A enhanced version of edit distance (Levenshtein distance) algorithm, which extract detail difference between two strings instead of only cost hinted. The algorithm can be used in change detection, dynamic planning, even typewriting exercise.

Primary LanguagePythonMIT LicenseMIT

Introduction

This is a variation of edit distance (Levenshtein distance, LD [1]), which can extract detail modifications between source array and target array, including insertions, deletions, substitutions.

The traditional LD can only output a cost, which describes the shortest steps when a source string is updated into a target string -- called the least cost or the shortest edit distance. Based on LD, our improvement makes extracting the detail modifications possible.

For example, the Levenshtein distance between "kitten" and "sitting" is 3. Our algorithm can show detail modifications as following:

  • kitten → sitten (substitution of "s" for "k")
  • sitten → sittin (substitution of "i" for "e")
  • sittin → sitting (insertion of "g" at the end).

About edit distance: (Levenshtein distance)[https://en.wikipedia.org/wiki/Levenshtein_distance]

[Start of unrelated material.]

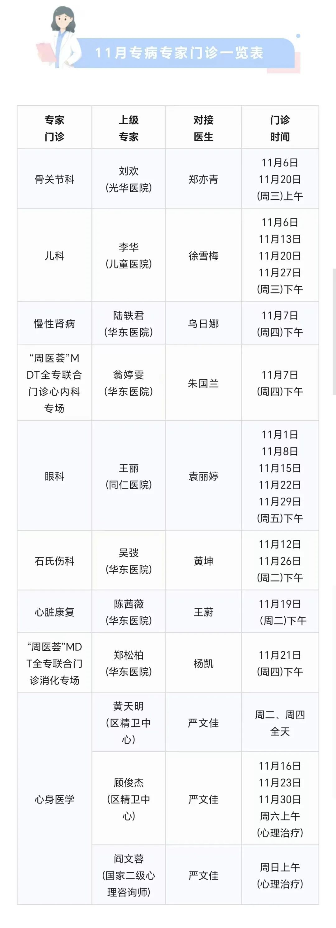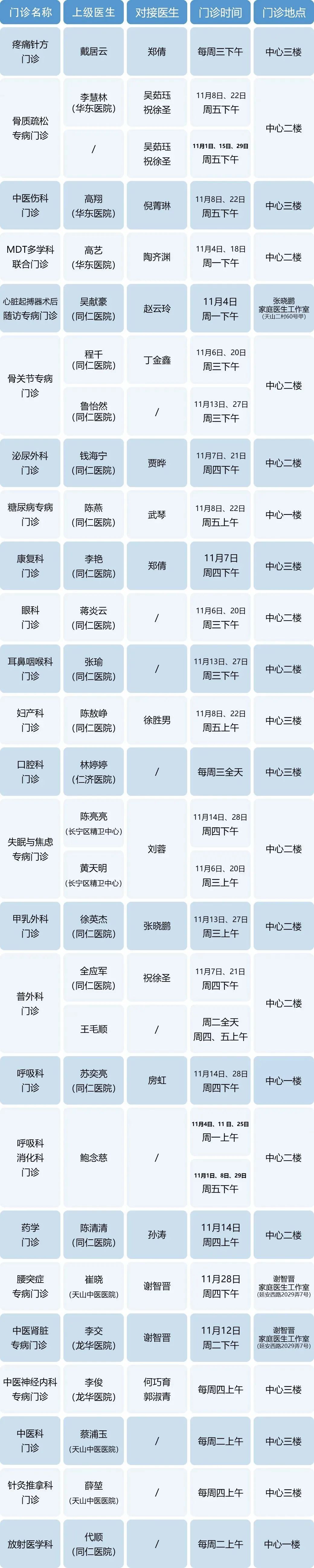 提醒:以上专家门诊可以通过中心对接医生预约,也可以通过家庭医生预约。

Ref: [1] LEVENSHTEIN, Vladimir I. Binary codes capable of correcting deletions, insertions, and reversals. Soviet physics doklady. Vol.10, No.8, pp.707-710, 1966.

Quick Start

Example 1. get detail modifications between "kitten" and "sitting":

Python code:

from distance import ded
source = "kitten"
target = "sitting"
rs = ded(source=source, target=target)
print(rs)

Ouput (rs):

{
  "detail": [
      {"type": "sub", "src_i": [0], "tgt": "s", "src": "k", "tgt_i": [0], "cost": 1}, 
      {"type": "none", "src_i": [1, 2, 3], "tgt": "itt", "src": "itt", "tgt_i": [1, 2, 3], "cost": 0}, 
      {"type": "sub", "src_i": [4], "tgt": "i", "src": "e", "tgt_i": [4], "cost": 1}, 
      {"type": "none", "src_i": [5], "tgt": "n", "src": "n", "tgt_i": [5], "cost": 0},
      {"type": "ins", "src_i": [], "tgt": "g", "src": "", "tgt_i": [6], "cost": 1}
  ], 
  "cost": 3
}
  • "detail": The 'delail' element shows detail modification from source "kitten" to target "sitting".
    • "type" is enumerated in ["none", "ins", "del", "sub"]
      • 'none": none difference between source and target
      • "ins": insertion of substring in target for substring in source
      • 'del': deletion of substring in target for substring in source
      • "sub": substitution of substring in target for substring in source
    • "src" and "tgt": substring in source and target
    • "src_i" and "tgt_i": indexes of substring in source and target
    • "cost": How many cost is added to in this modification.
  • "cost": the "cost" element is the total cost of edit distance between source and target

Example 2. get detail modifications with morphological analysis:

If you want to compare two sentences in word, you can split them into words as the input:

from distance import ded
source = 'I have a dream'
target = 'I had a dream about you'
rs = ded(source=source.split(" "), target=target.split(" "))
print(rs)

Output:

{
  "cost": 3, 
  "detail": [
      {"src_i": [0], "src": "i", "tgt_i": [0], "tgt": "i", "type": "none", "cost": 0}, 
      {"src_i": [1], "src": "have", "tgt_i": [1], "tgt": "had", "type": "sub", "cost": 1}, 
      {"src_i": [2, 3], "src": "adream", "tgt_i": [2, 3], "tgt": "adream", "type": "none", "cost": 0}, 
      {"src_i": [], "src": "", "tgt_i": [4, 5], "tgt": "aboutyou", "type": "ins", "cost": 2}
  ]
}

Example 3. output the details in character one by one:

Setting 'is_combine_LCS' to 'False' that allows outputting details in character one by one

from distance import ded
source = "kitten"
target = "sitting"
rs = ded(source=source, target=target, is_combine_LCS=False)
print(rs)

output:

{
  "cost": 3, 
  "detail": [
      {"src": "k", "cost": 1, "type": "sub", "tgt_i": [0], "src_i": [0], "tgt": "s"}, 
      {"src": "i", "cost": 0, "type": "none", "tgt_i": [1], "src_i": [1], "tgt": "i"}, 
      {"src": "t", "cost": 0, "type": "none", "tgt_i": [2], "src_i": [2], "tgt": "t"}, 
      {"src": "t", "cost": 0, "type": "none", "tgt_i": [3], "src_i": [3], "tgt": "t"}, 
      {"src": "e", "cost": 1, "type": "sub", "tgt_i": [4], "src_i": [4], "tgt": "i"}, 
      {"src": "n", "cost": 0, "type": "none", "tgt_i": [5], "src_i": [5], "tgt": "n"}, 
      {"src": "", "cost": 1, "type": "ins", "tgt_i": [6], "src_i": [], "tgt": "g"}
  ]}

You can see the sub-string "itt" is split into characters.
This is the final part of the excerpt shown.